Om bij uitdroging van de mortel vervorming van de tunnel tegen te gaan, is het aangeraden om de tunnel te stutten of het klepblad in gesloten toestand op te spieën.
Bij sommige kleppen wordt geen speling voorzien en wordt de opening niet bijkomend afgedicht.
De ruimte tussen de op de muur bevestigde brandwerende klep en de massieve muur wordt veelal niet afgedicht, tenzij anders gespecificeerd in het proefverslag.
5. Brandwerende klep
Bij de plaatsing dient men ervoor te zorgen dat de kleppen in de as van de brandwerende massieve muur gelegen zijn. Hiervoor kunnen ze met behulp van positionneringsaanduidingen (stroken) en de eventuele positioneringspootjes op de brandwerende kleppen tegen de massieve muur geplaatst worden. De brandwerende klep wordt bevestigd conform het proefverslag en de richtlijnen van de fabrikant.

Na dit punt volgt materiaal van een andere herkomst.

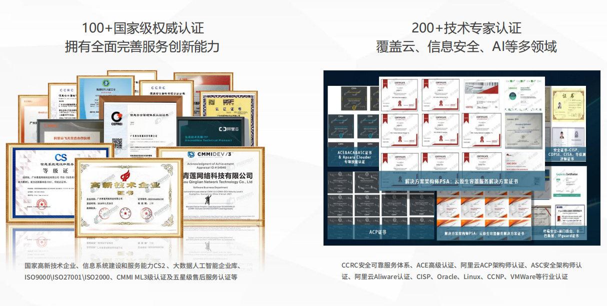 通過持續(xù)的技術(shù)服務(wù)創(chuàng)新,青蓮網(wǎng)絡(luò)獲得國家高新技術(shù)企業(yè)、五星級售后服務(wù)認(rèn)證、中國信通院首批云優(yōu)化能力提升計劃成員、阿里云旗艦級合作伙伴、廣東省CIO優(yōu)秀云服務(wù)商等多項行業(yè)認(rèn)證、技術(shù)專利和榮譽(yù)稱號。

Brandwerende kleppen worden doorgaans met een horizontale klepas geplaatst. Niettemin kunnen brandkleppen - indien in deze configuratie getest - eveneens met een verticale klepas geplaatst worden. Deze informatie is in principe opgenomen in het classificatierapport.

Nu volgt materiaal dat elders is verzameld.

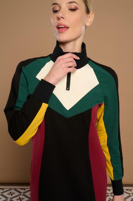 VESTIDO BEATA geométrico multicolor con cremallera frontal. Este vestido de manga larga es una pieza audaz y moderna que combina diseño gráfico con una paleta de colores intensa. El patrón en forma de “V” en el pecho, con blanco en el centro rodeado de verde oscuro y negro, crea una silueta visualmente estilizada. Los laterales en rojo burdeos y las franjas amarillas en las mangas aportan contraste y energía al conjunto. Con cierre de cremallera en el cuello alto, este vestido mezcla funcionalidad y estilo contemporáneo. El corte recto y los bloques de color lo convierten en una prenda ideal para destacar en eventos urbanos, salidas nocturnas o looks de día con carácter. Combínalo con botas altas, como en la imagen, para un outfit potente y sofisticado.

De afstand tussen twee brandwerende kleppen bedraagt minimaal 200 mm (zie afbeelding 80), tenzij een brandproefverslag anders aantoont. Bovendien dienen brandwerende kleppen op minimaal 75 mm van muren en plafonds aangebracht te worden. Dit is onder meer uit praktische overweging om de opvulling rondom de brandwerende klep te kunnen verzekeren. Tevens moet het bedieningsmechanisme voor het onderhoud bereikbaar en demonteerbaar blijven.
Bij op de muur bevestigde brandwerende kleppen is een bevestigingskader voorzien waarin de nodige openingen gemaakt zijn om de klep aan de massieve muur te bevestigen. Het kader van de opgebouwde brandwerende klep wordt bevestigd conform het proefverslag en de richtlijnen van de fabrikant. Hiervoor worden doorgaans schroeven, keilbouten of nagelankers gebruikt (minimaal Ø 6 mm).
Enkele bijzondere aandachtspunten:
- een vervorming (doorbuiging) van de bovenliggende draagvloer mag de goede werking van de brandwerende klep niet verhinderen
- een brandwerende klep zorgt voor een bijkomend ladingsverlies van de luchtkanalen. Hiermee dient bij de dimensionering van de installatie rekening gehouden te worden
- eventueel een flexibele mouw voorzien tussen de brandwerende klep en het luchtkanaal teneinde in geval van brand de thermische vervorming op te vangen zonder dat daarbij de stabiliteit van de klep in het gedrang komt. Hiervoor verwijzen we naar het proefverslag en de richt- lijnen van de fabrikant.
6. Ophangconstructie
De luchtkanalen dienen ondersteund en bevestigd te worden volgens de regels van goed vakmanschap.